Hi Ilija,

> On Sun, Mar 15, 2026 at 2:45 AM Daniil Gentili <[email protected]> 
> wrote:
>> 
>> As mentioned in the RFC and earlier in the thread, the burden of maintaining 
>> feature extensions will lay exclusively on the owners of the community RFCs, 
>> and any other maintainers appointed by them.
>> Features and bug fixes for feature extensions will NOT be a responsibility 
>> of php-src maintainers.
> 
> In practice, many people propose one RFC and then move on to some
> other project. I think it's an unrealistic expectation that they will
> stick around for maintenance.
> 
> In the likely case that the original proposer stops maintaining the
> feature, it cannot be removed if it has been adopted by users,
> according to this RFC. So the code will sit around and rot, and the
> feature might break completely. Will end-users understand this
> distinction or blame the PHP Foundation for not fixing their issues?
> Will they blame us for degrading quality?
> 

Thanks for your feedback, indeed removal could be handled better.

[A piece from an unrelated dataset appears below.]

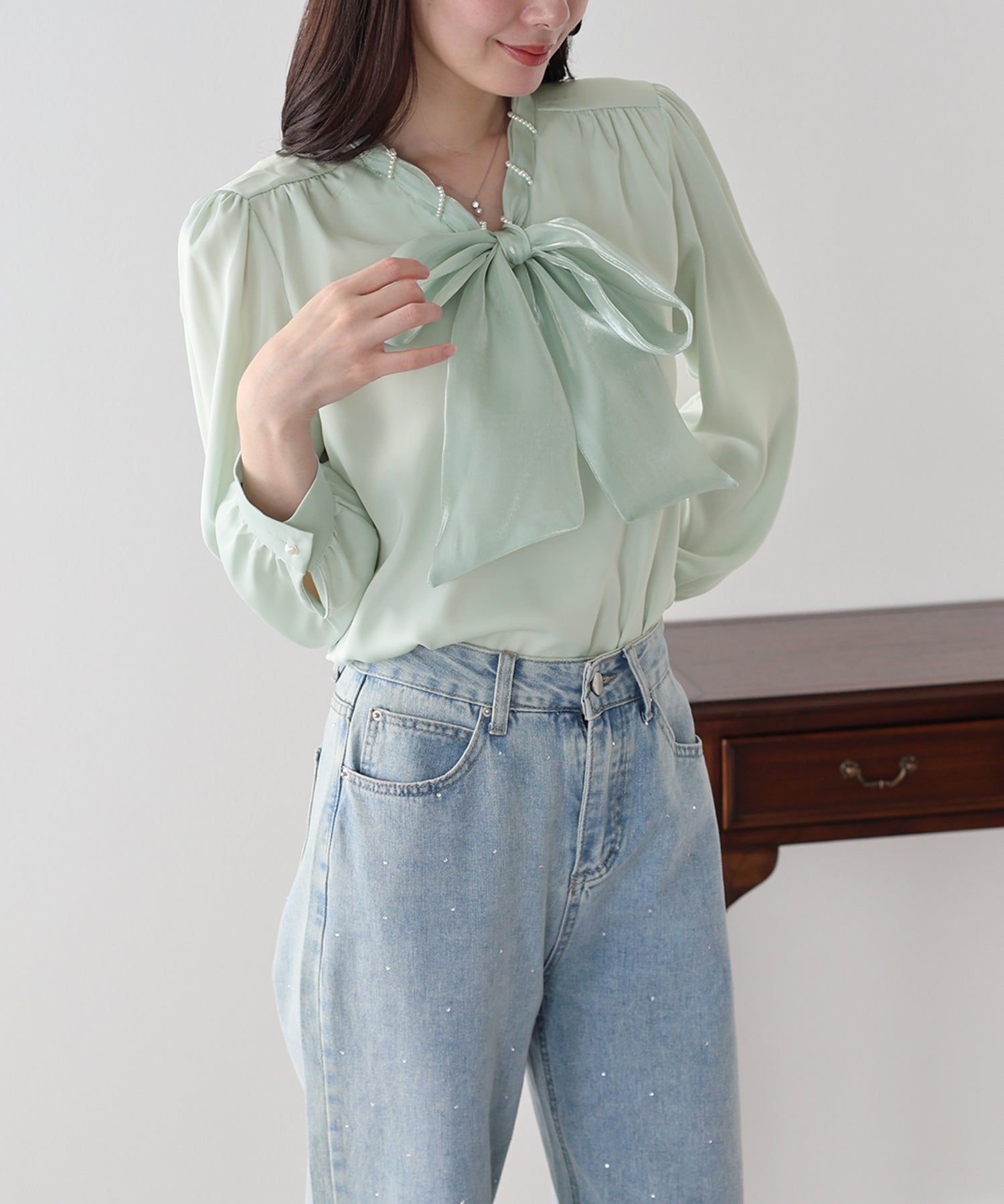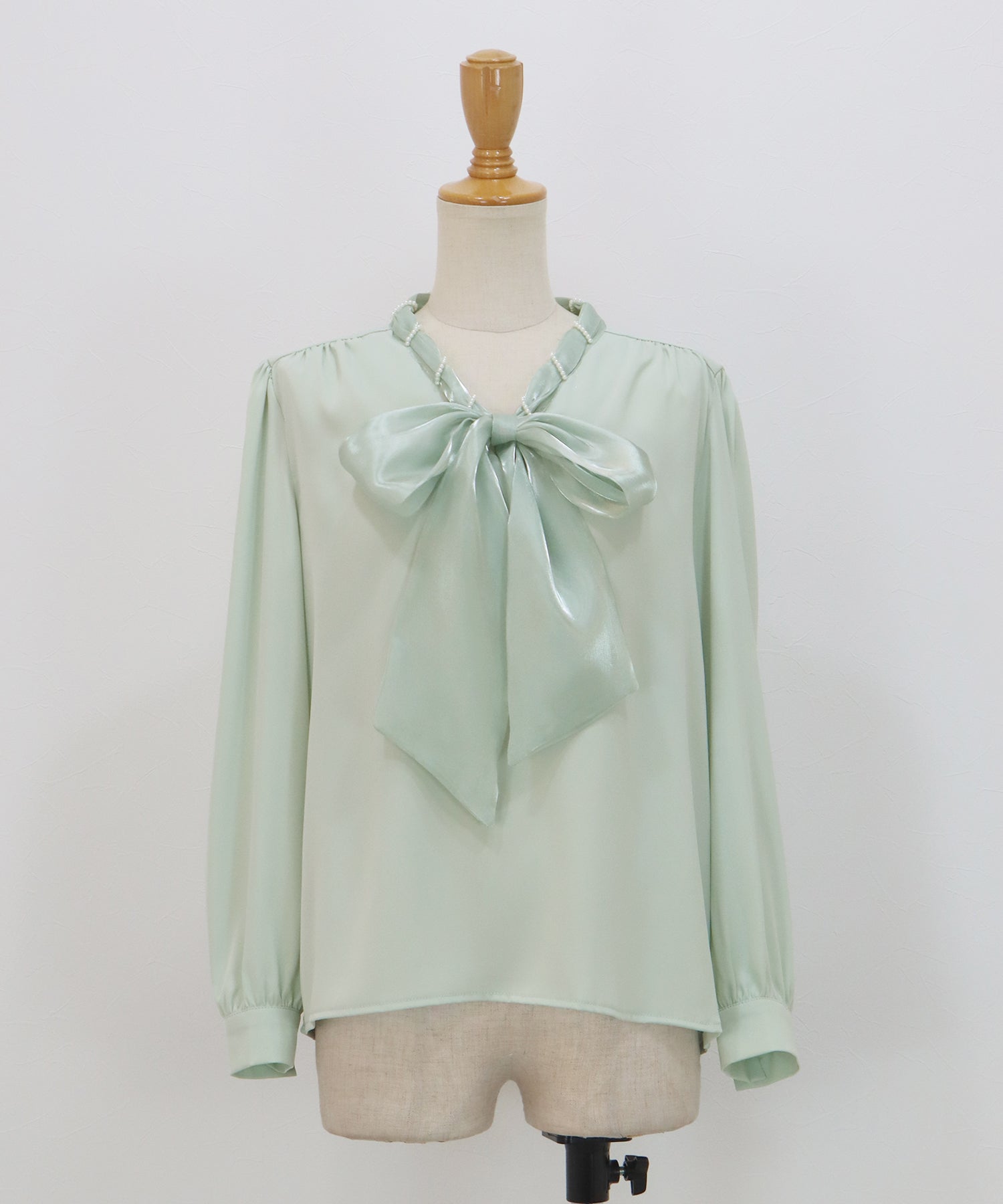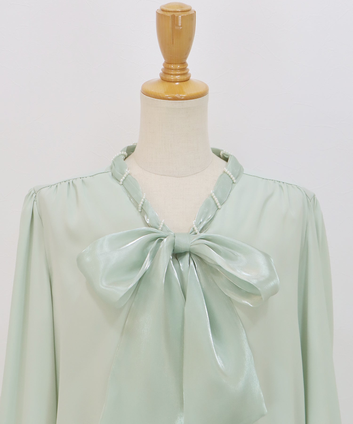 パールモチーフリボンブラウス

Updated the removal policy in 1.1.0 based on your feedback: 
https://wiki.php.net/rfc/php-community#section110


>> In other words, feature extensions are "guests" allowed into the 
>> php-community branch, and are developed and maintained exclusively by their 
>> owners just as if they were a standalone extension.
> 
> But this code doesn't live in isolation. If it would, the feature
> could just be added to an extension and the problem would be solved.
> But many features require changes to the engine, which is prone to
> bugs, performance regressions and security issues that impact the
> whole system. If this code is changed by guests and not reviewed by
> maintainers, how do we prevent the community edition from constantly
> breaking, or backdoors from being added by unknown people? Who will
> merge changes and bug fixes from the stable branches and master? Who
> will fix interactions between community-only features? Or as Jakub
> mentioned, who will handle security issues? These are several
> full-time jobs.


I am fully aware that this is a lot of work.

It is the work of language maintainers, it’s what they do, and I understand 
that adding more to your already full plates can be a problem.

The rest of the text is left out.